**WORK TASK**
Among the records below, find the line with "此外,由积雪草、虎杖根、黄芩" and the line with "옥고리 좌우 사용처 : 보물상자". Set down both and every line between, exactly and with no pictures, but nothing else.

[[ DATA, beginning ]]

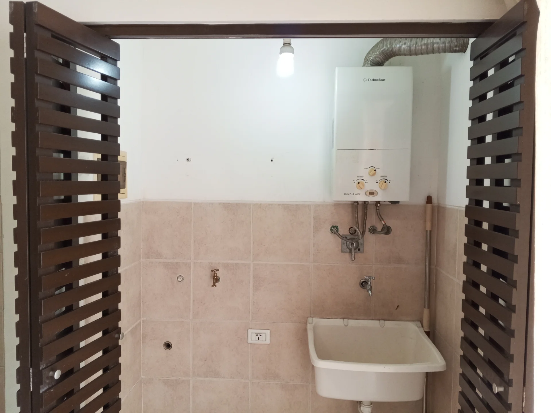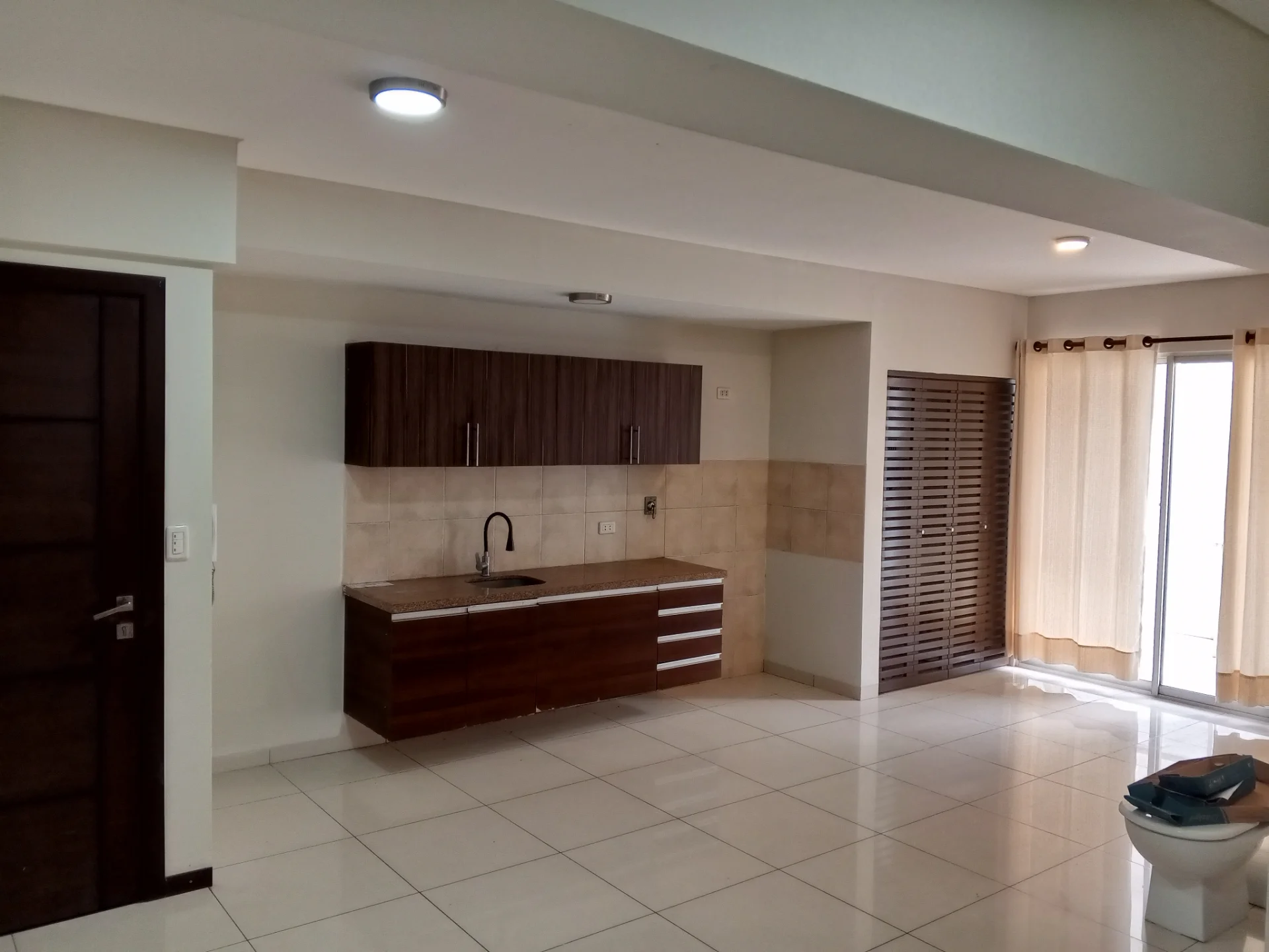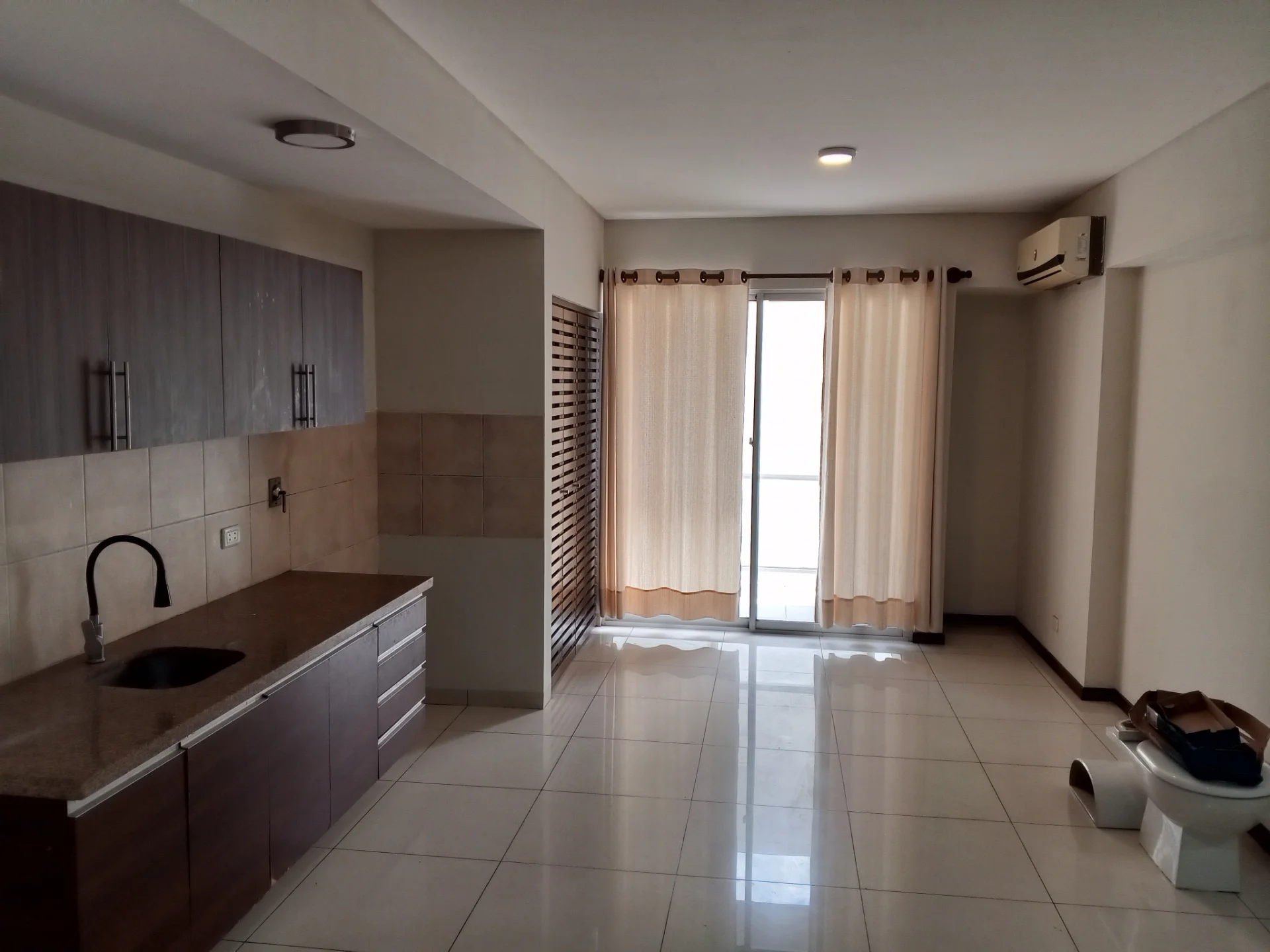 Amplio living cocina comedor integrado con acceso a balcón, equipado con muebles de cocina superior e inferior, intercomunicador, aire acondicionado, cortinas, área de lavandería con espacio para lavadora. Tiene gas domiciliario.
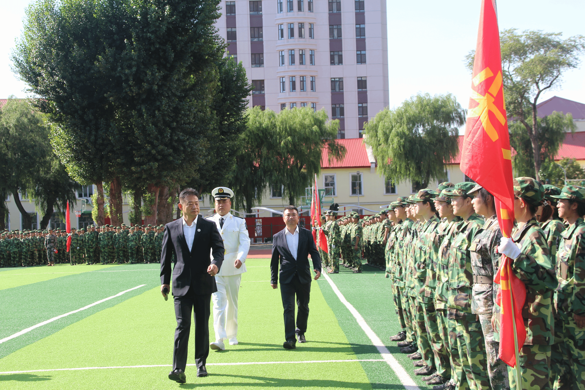 校长郭宏伟检阅2025级学生队列方阵,体育教研部主任陈达光陪同检阅。
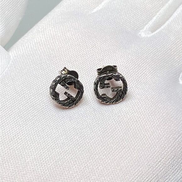 Gucci Stud Earrings With Interlocking G Motif in Aged Sterling Silver
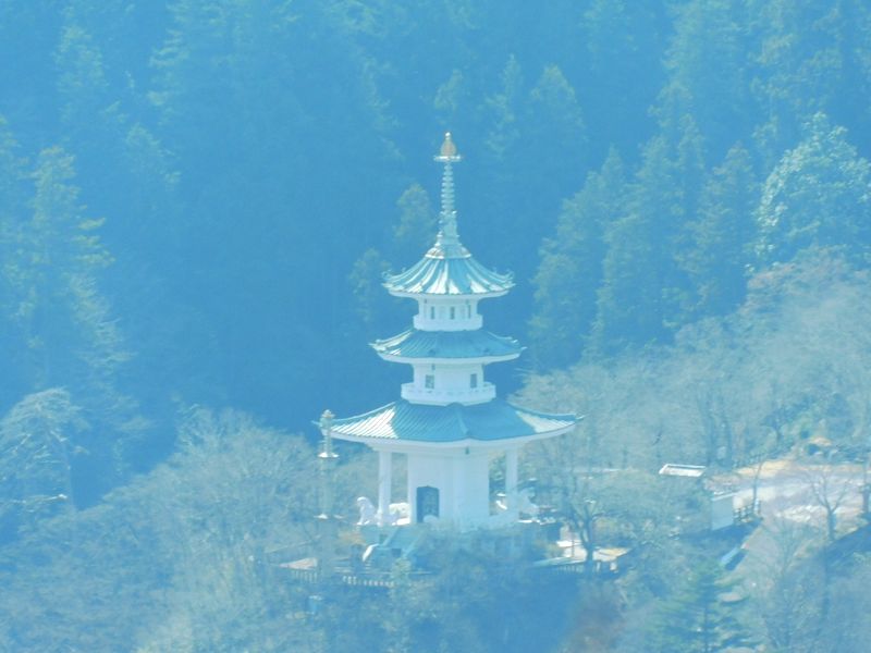 -- 竹寺鐘楼より、鳥居観音の「玄奘三蔵塔」を望む。
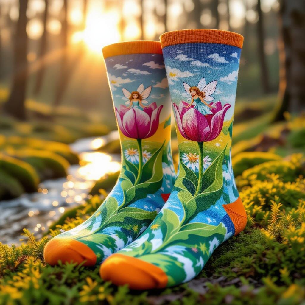 This image shows a pair of 3D designed socks featuring a fairytale landscape. Cute fairies are depicted inside a giant dew-filled tulip next to a creek, with moss and wool textures at sunrise. Showcases abstract art with complementary colors.
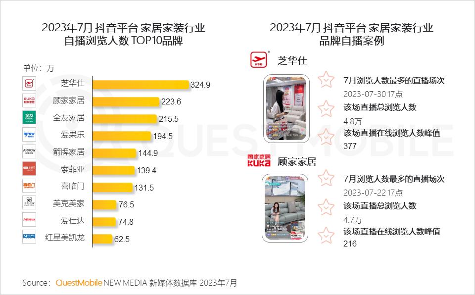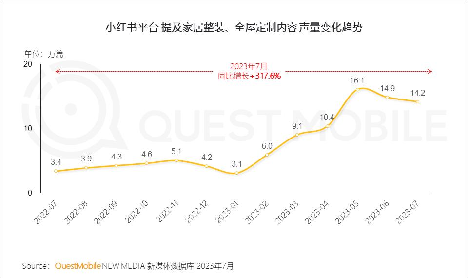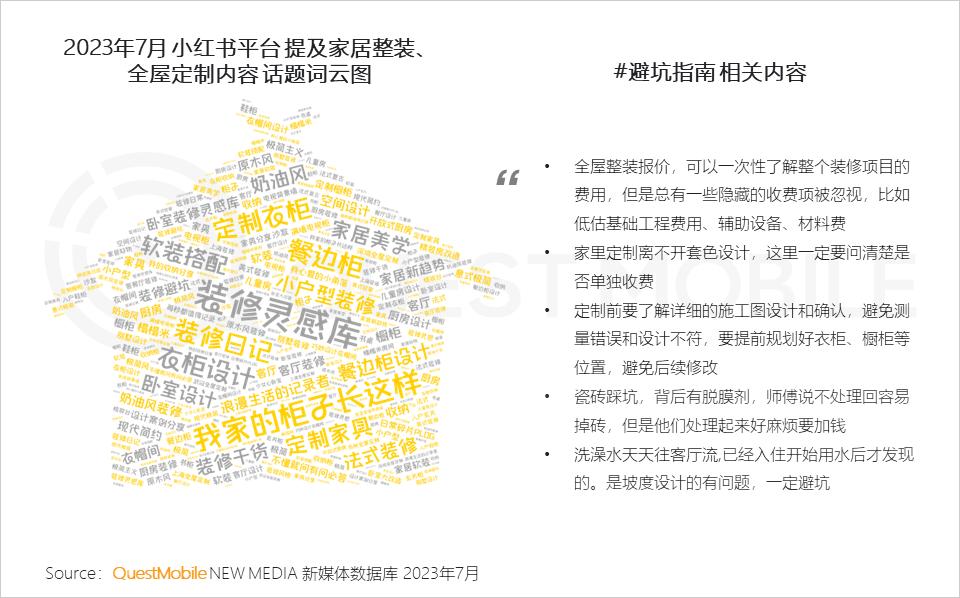 QuestMobile数据显示,2023年7月,抖音、小红书家居家装类内容共触达1.03亿兴趣用户,而品牌APP、小程序的去重活跃用户数仅为2027.2万,这代表着深耕内容平台的战略对家居家装品牌的打造存在意义和价值。
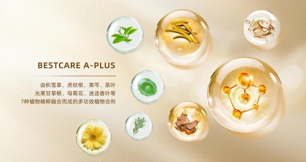 此外,由积雪草、虎杖根、黄芩、茶叶、光果甘草根、母菊花、迷迭香叶等7种植物精粹融合而成的多功效植物合剂,也具有强大的抗衰老、抗敏舒缓、亮白保湿等多重功效,可以多维度滋养和舒缓强韧肌肤。
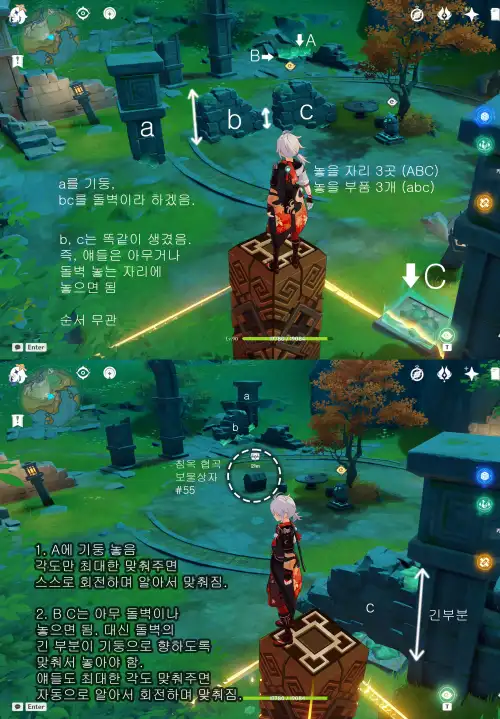 옥고리 좌우 사용처 : 보물상자 @218 ( https://genshin.gamedot.org/?mid=genshinmaps&type=wiki&id=%EC%B9%A8%EC%98%A5%20%ED%98%91%EA%B3%A1%20%EB%B3%B4%EB%AC%BC%EC%83%81%EC%9E%90&list=606eb73f49748&point=99e896d2-bda2-a0e6-ac42-3c001ede805c ) 안쪽 녹색 고리 떠 있는곳 |
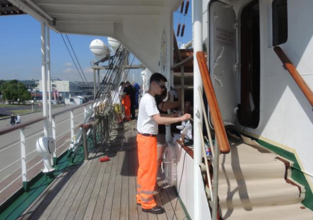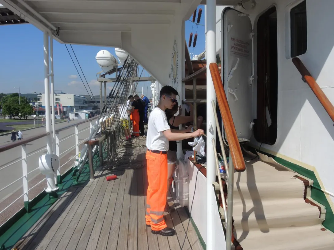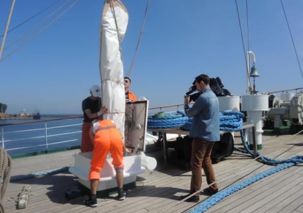 Młodzi praktykanci od wczoraj poznają smak codziennej marynarskiej służby. Prace bosmańskie, rozładunek zaopatrzenia, sztauowanie, pucowanie mosiądzów, służby na pokładzie i w kuchni. Na razie niewiele ma to wspólnego z wielką morską przygodą, ale już w niedzielne południe, poczują emocjonujący smak pożegnań, staną się uczestnikami, współtwórcami historii biało-czerwonej bandery.

[[ DATA, end ]]

**REPLY**
 此外,由积雪草、虎杖根、黄芩、茶叶、光果甘草根、母菊花、迷迭香叶等7种植物精粹融合而成的多功效植物合剂,也具有强大的抗衰老、抗敏舒缓、亮白保湿等多重功效,可以多维度滋养和舒缓强韧肌肤。
 옥고리 좌우 사용처 : 보물상자 @218 ( https://genshin.gamedot.org/?mid=genshinmaps&type=wiki&id=%EC%B9%A8%EC%98%A5%20%ED%98%91%EA%B3%A1%20%EB%B3%B4%EB%AC%BC%EC%83%81%EC%9E%90&list=606eb73f49748&point=99e896d2-bda2-a0e6-ac42-3c001ede805c ) 안쪽 녹색 고리 떠 있는곳 |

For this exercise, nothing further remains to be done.